▸ Directions for this task
Could you transcribe the entries below exactly, starting at the line that contains "It doesn't seem" and stopping at the last line, without any pictures?

Data excerpts
──────

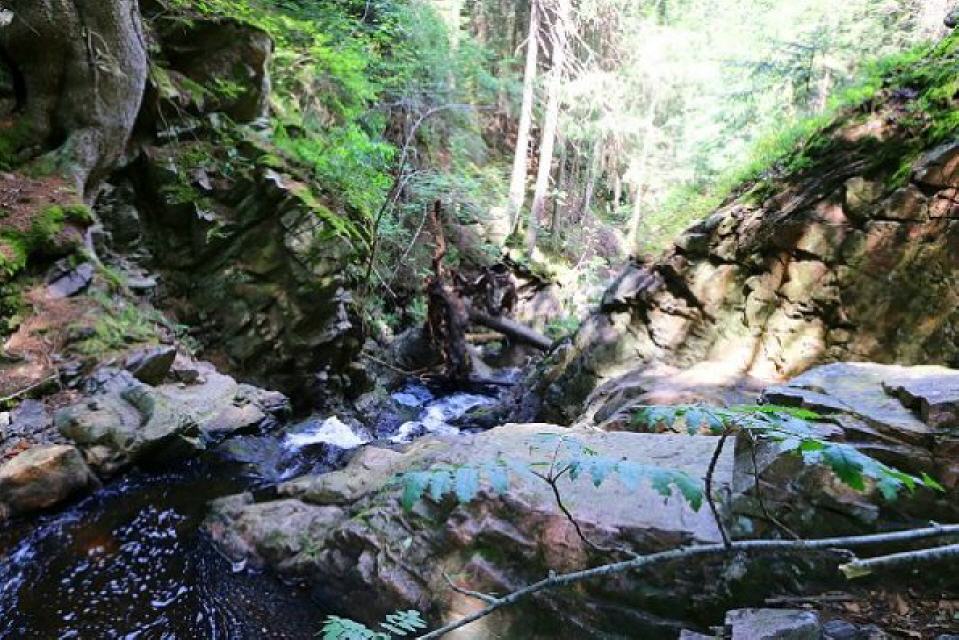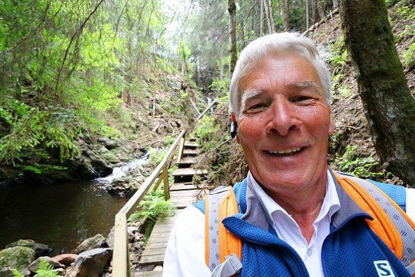 Am Wasserfall führt eine hölzerne Treppe hinunter. Aufgrund von Sturmschäden ist jedoch Vorsicht geboten. Die ehemalige Brücke ist selbst nach Jahren zerstört und nicht wieder ersetzt worden. Jedoch lässt sich der Gebirgsbach über die im Wasser liegenden Steine überqueren. Auf der anderen Seite führt ein hölzerner Weg weiter und wird von einem ansteigenden Waldweg abgelöst. Beim Aufstieg durch den Wald links halten und auf der ersten Straße fast ebenerdig zurück zur Kuranlage laufen.
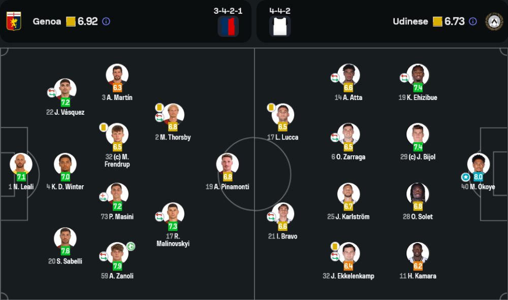 มาดูก้า โอโคเย่ ผู้รักษาประตูของ อูดิเนเซ่ ทำผลงานได้อย่างยอดเยี่ยม เซฟลูกยิงอันตรายหลายครั้ง และได้รับคะแนนสูงสุดในเกมนี้ที่ 8.0
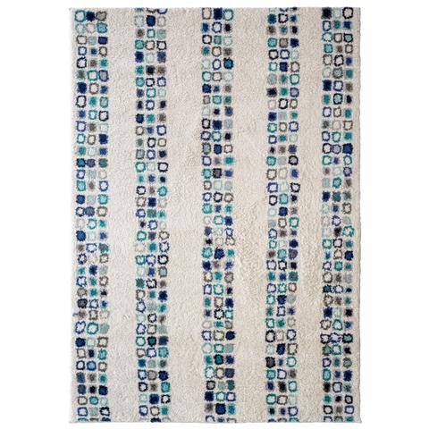 Colette Shelton of Cococozy has designed this geometric area rug to work in any room. The pattern is both familiar and fresh, bridging comfort and style Quiet Chestnut constasts with energizing Azure. It has a 20mm pile height and is made of 100% Olefin with easy care performance features.
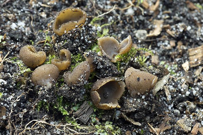 It doesn't seem to match with Peziza varia s. lat. or Peziza hortensis.
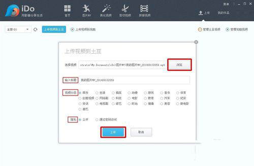 上传到土豆:点击【浏览】找到你刚刚制作好的MV视频==》填写【标题】==》选择【分类】设置==》【隐私】==》然后点击【上传】。
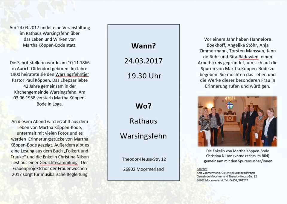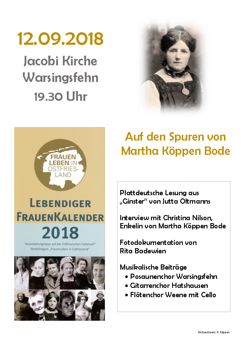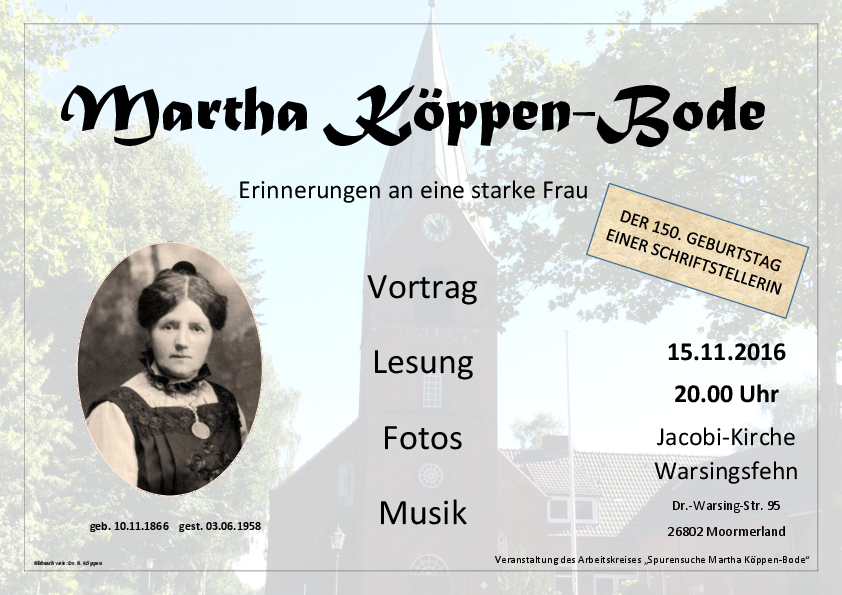 Martha Köppen-Bode wurde am 10.11.1866 im Pfarrhaus in Aurich-Oldendorf als Martha Bode des dortigen Pastoren und Superintendenten Diedrich Bode geboren. Ihre Mutter war eine geborene Siefkes aus Leer und somit war Martha eine Kusine zu Wilhelmine Siefkes aus Leer. Durch ihre Heirat im November 1900 mit Pastor Paul Köppen aus Warsingsfehn, zieht sie in das Fehntjer Pfarrhaus. Pastor Köppen wirkte von 1895 bis 1942 als Seelsorger in der Gemeinde. Schon als Mädchen beginnt Martha Gedichte und Geschichten zu schreiben. Ihr erstes und zugleich erfolgreichstes Buch mit dem Titel „Leute vom Moorrand“ erscheint 1907. Dieses literarische Werk – als Autorin hängt sie ihren Mädchennamen an ihren Familiennamen - wird noch zwei weitere Male neu aufgelegt: 1934 in Emden, und 1983 im Verlag Schuster-Leer.

──────

▸ Result
 It doesn't seem to match with Peziza varia s. lat. or Peziza hortensis.
 上传到土豆:点击【浏览】找到你刚刚制作好的MV视频==》填写【标题】==》选择【分类】设置==》【隐私】==》然后点击【上传】。
 Martha Köppen-Bode wurde am 10.11.1866 im Pfarrhaus in Aurich-Oldendorf als Martha Bode des dortigen Pastoren und Superintendenten Diedrich Bode geboren. Ihre Mutter war eine geborene Siefkes aus Leer und somit war Martha eine Kusine zu Wilhelmine Siefkes aus Leer. Durch ihre Heirat im November 1900 mit Pastor Paul Köppen aus Warsingsfehn, zieht sie in das Fehntjer Pfarrhaus. Pastor Köppen wirkte von 1895 bis 1942 als Seelsorger in der Gemeinde. Schon als Mädchen beginnt Martha Gedichte und Geschichten zu schreiben. Ihr erstes und zugleich erfolgreichstes Buch mit dem Titel „Leute vom Moorrand“ erscheint 1907. Dieses literarische Werk – als Autorin hängt sie ihren Mädchennamen an ihren Familiennamen - wird noch zwei weitere Male neu aufgelegt: 1934 in Emden, und 1983 im Verlag Schuster-Leer.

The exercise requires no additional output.